MONTANA UNIVERSITY SYSTEM
OFFICE OF COMMISSIONER OF HIGHER EDUCATION
Student Financial Services
__________________________________________________________________
560 N. Park PO Box 203201 Helena, Montana 59620-3201
(406) 449-9168 - FAX (406) 449-9171 Mtscholarships@montana.edu
Application for Montana University System War Orphans Tuition Waiver
QUALIFICATIONS: You may qualify for the War Orphans Tuition Waiver if you meet the following criteria:
You are a resident of the State of Montana and will be attending a Montana University System campus.
You are 25 years of age or under
.
Your parent was a member of the armed forces of the United States who served on active duty during World War II,
the Korean, Vietnam, Iraq or Afghanistan conflicts; such members of the armed forces must have been Montana
residents at the time of entry into service and must have been killed in action or died as a result of combat related
injury, disease, or other disability while in the service.
LIMITATIONS:
The War Orphans Tuition Waiver does not waive any fees. Fees not covered by this waiver are your responsibility.
This waiver cannot be used with other tuition waivers.
This waiver can only be used towards undergraduate tuition.
This tuition waiver will remain in effect as long as you are 25 years of age or under, and you maintain Satisfactory
Academic Progress (SAP) according to the standards detailed in the brochure or guide provided by the Financial Aid
Office and/or listed on the website of the college you attend.
Student Name: ________________________________________________________________________
First Middle Last
Social Security Number ___________________________ Date of Birth: __________________________
Address: ________________________________ City: _______________ State: _______ Zip: _________
Phone: _____________________ Email: ____________________________________________________
Campus choice: _________________ Semester you plan to begin using this waiver: ________________
Name of Fatally Injured Parent: __________________________________________________________
First Middle Last
Active Duty during which War: ______________________________ Date of Death: ________________
I certify that the information provided in this application is accurate and complete to the best of my knowledge.

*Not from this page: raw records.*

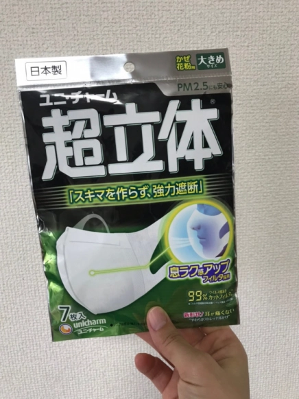 『ユニ・チャーム』の「超立体マスク」は全面フィット形状で、顔とマスクの間に隙間をつくりません。ゴム紐は幅の広いストレッチ素材を採用しており、しっかりと耳にフィットする上、長時間の使用もらくちんです。
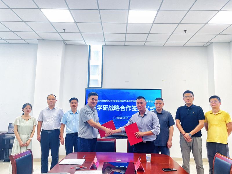本网讯 9月2日,卓越工程师学院(奇瑞学院)与深圳道瑞轮胎有限公司产学研签约仪式在国际工程师学院校区协同中心举行。深圳道瑞轮胎有限公司执行总裁易昊、华东区域销售总经理张俊、安徽区域总经理孙成,院党委副书记周伟、执行院长王建平出席签约仪式。签约仪式由周伟主持。
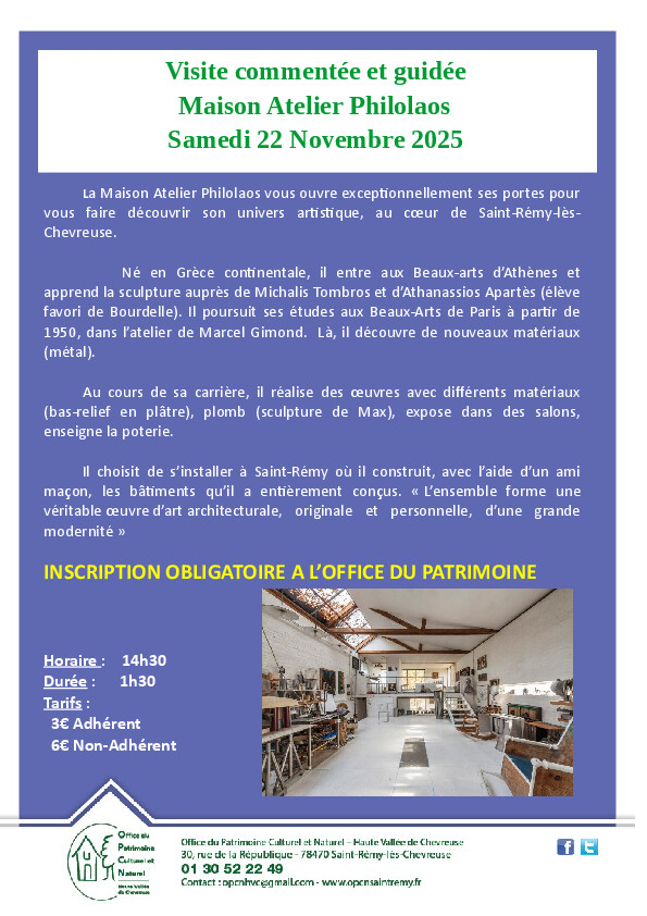 L'Office du Patrimoine de Saint-Rémy-lès-Chevreuse vous propose une visite commentée et guidée de la Maison Atelier Philolaos le samedi 22 novembre à 14h30 ainsi que de la Fonderie d'art de Dourdan le samedi 6 Décembre à 14h30.
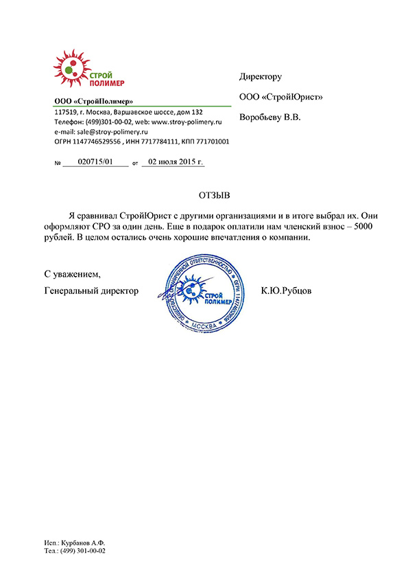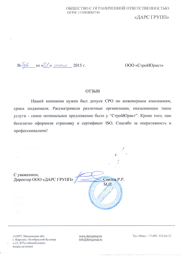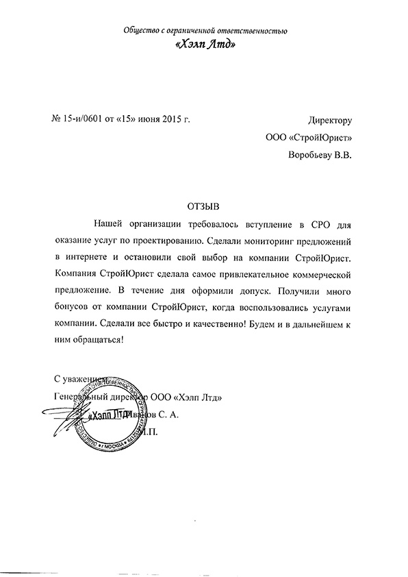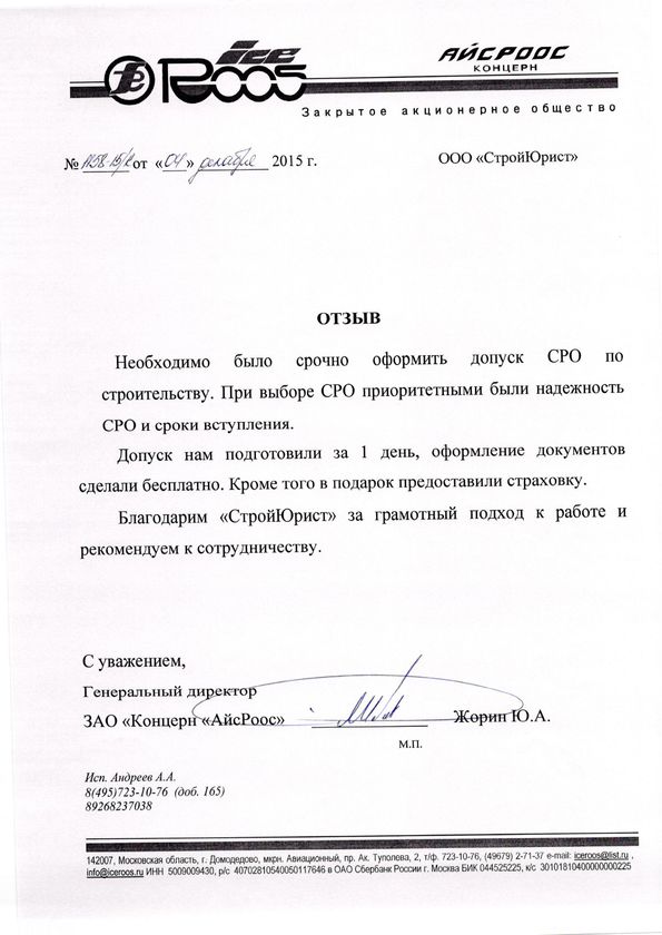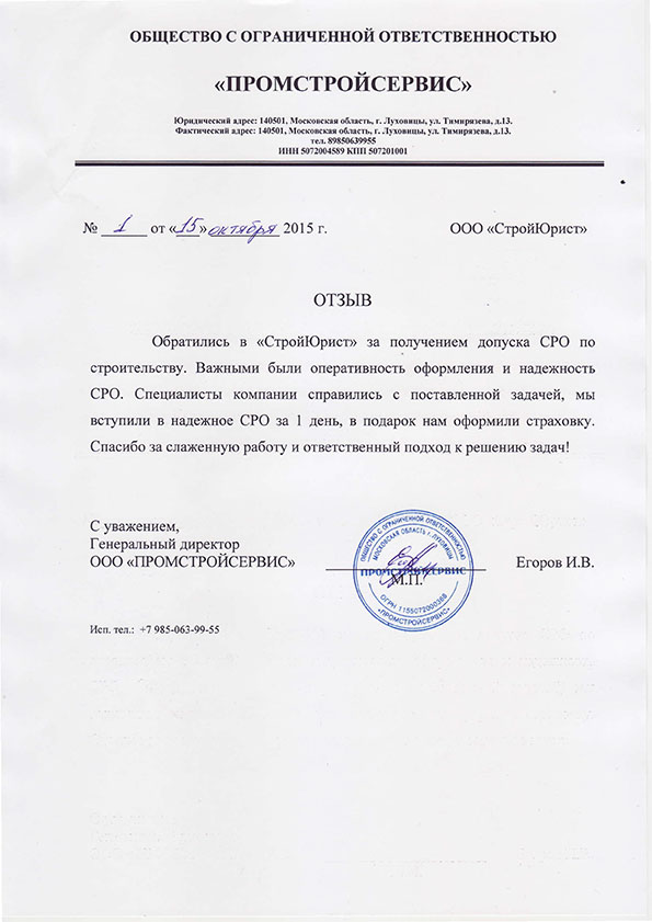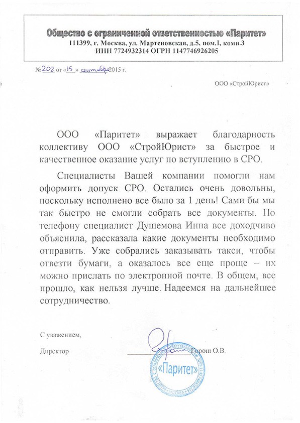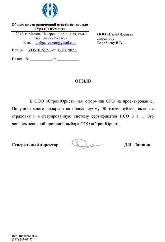 Отзывы клиентов "СтройЮрист" по вступлению в СРО в Смоленске

________________________________________________ ______________________________
Signature Date
PLEASE SUBMIT THIS FORM, YOUR BIRTH CERTIFICATE, YOUR PARENT’S DEATH CERTIFICATE, PROOF OF PARENT’S ACTIVE DUTY
IN A QUALIFYING WAR, PROOF OF YOUR PARENT’S MONTANA RESIDENCY DURING SERVICE, AND ANY ADDITIONAL
SUPPORTING DOCUMENTATION TO:
Montana University System, Scholarship Department, P.O. Box 203201, Helena, MT 59620
Once this form is approved/denied, you will receive notification from our office. If approved, you do not need to complete this
form again, as long as you remain continuously enrolled at this campus and you continue to meet the requirements listed above.